I worked out I need approx 2.7m of 3.8mm inner diameter, 5mm outer diameter tube with a water flow rate of 2L/min to dissipate 2000W from 78C vapour using 35C input water. Does this add up?

I'd appreciate if someone with a bit more knowledge of thermodynamics could have a go at the problem and tell me what they get and how they went about it.

Thanks for reading if you got this far.

Neil Stephens.

2. Feb 1, 2005

Clausius2

That seems quite a serious problem. You should read some advanced books on it. It is not a simple problem, and the formulae is not simple too. Just look for someone nearby who knows about heat transfer processes, an engineer or so. I would need to know the geometry exactly because heat transfer depends upon it a lot. And I think this is not the best place to do such a hard calculation. People here could give you some initial estimation, but it probably will be far away from the real value.

Good luck.

3. Feb 1, 2005

da_willem

If I understand correctly the cooling water flows through a single cilindrical pipe while the vapour that needs cooling is outside that pipe? I think it is best to work with dimensionless numbers like the Reynolds number and Nusselt number. There exist empirical dimensionless correlations for the heat transport depending on the geometry. By first estimating, by means of these dimensionless numbers, the character of the involved flows (is the pipeflow laminar or turbulent, how important is free convection compared to forced convection, etc.) you can than select the important empirical correlations and find out the resistance to heat transport.

4. Feb 1, 2005

knarl

Thanks guys. I feared this was a super complex problem

Correct

Is it possible for you to point me towards a source of information about these correlations?

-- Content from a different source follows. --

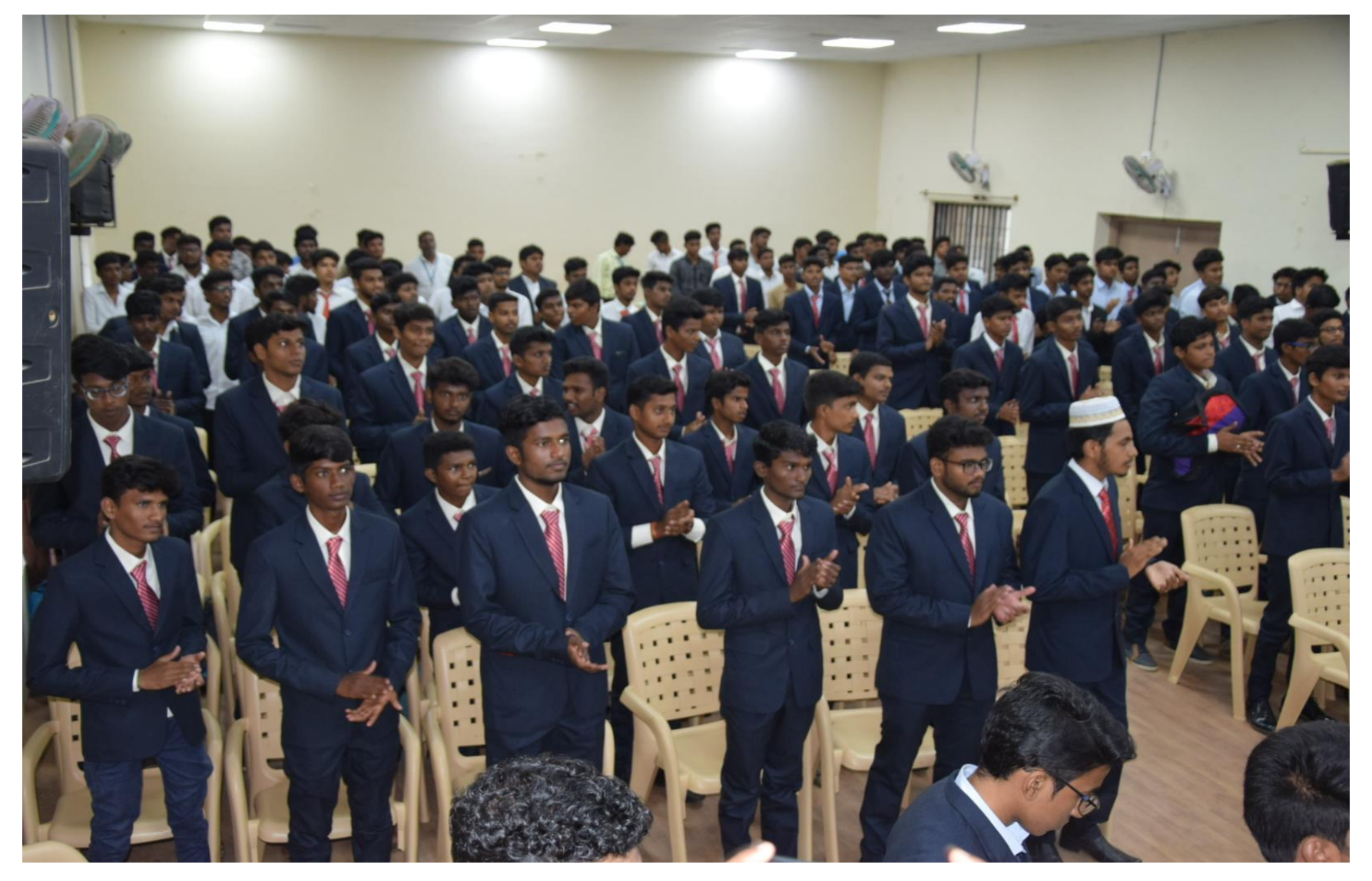
Our students of HMCS offer standing ovation to guests

I'm not affraid of some research. But knowing where to start is why I came to this forum

Thanks

5. Feb 2, 2005

da_willem

I tried to find something using Google, but I couldn't find much. Maybe you can purchase a book on '(heat) transport phenomena'. I could give you some of the correlations that might be involved but if you want to tackle this problem seriously and accurately you need much more research I guess.

Well as I see it there are three regions wich show some resistance to heat transport:

1) the heat flow from cooling water to the cylinder wall.
2) the conduction of heat through the copper cylinder wall
3) the flow of vapour around the cilinder

All of these can be expressed using a 'heat tranfer coefficient' h. So the resitcance to heat transport is proportional to 1/h. The resistances above mentioned are 'in series' so you can find the total h (lets call it U) using:

$$\frac{1}{U}=\frac{1}{h_1}+\frac{1}{h_2}+\frac{1}{h_3}$$

How do you find the heat flux from this U:

For pure conduction in 1D Fouriers law relates a temperature gradient via the heat conduction coefficient ($\lambda[/tex]) to the heat flux [itex]\phi_q[/tex] (J/s): $$\phi_q '' = -\lambda \frac{dT}{dx}$$ (where the '' denotes 'per unit area') Engineers usually use Newtons law of cooling: $$\phi_q ''= h \Delta T$$ Wich is in my opinion only the definition of h. This is the realtion you need. So first find out all the h's and the use this relation to find the heat flux from the driving force: the temperature difference. Now what are these h's? Usually a dimensionless relation is given in terms of the Nusselt number: $$Nu=\frac{D \lambda}{h}$$ From wich you can find h if you know the characteristic dimension D (in case of a cilinder the diameter) and the conductivity coefficient of the appropiate substance. 1) For this you need to know the character of the flow. As a criterium you can use the Reynolds number: $$Re = \frac{ \rho v D}{ \mu}$$ the density times velocity times diameter divided by the dynamic viscosity. For the numbers you gave the velocity is 2,94 m/s and the Reynolds number comes down to ~10^4 wich is pretty turbulent (the transition from laminar to turbulent takes place around 2000-2500). So you might say depending on your desired accuracy: by all these vortices in the flow it is mixed pretty good and use a temperature of the flow independent of the radial coordinate (so [itex]1/h_2 = 0$). Or you can use the empirical relation for turbulent pipe flow:

$$Nu=0.027Re^{0.8} Pr^{0.33}$$ with $$Pr=\frac{\nu}{a}$$

So the 'Prandtl number' is the kinematic viscosity ($\mu / \rho$) divided by the thermal diffusivity ($a=\lambda / \rho c_p$)

If your flow turns out to be laminar there are other relations you need to use.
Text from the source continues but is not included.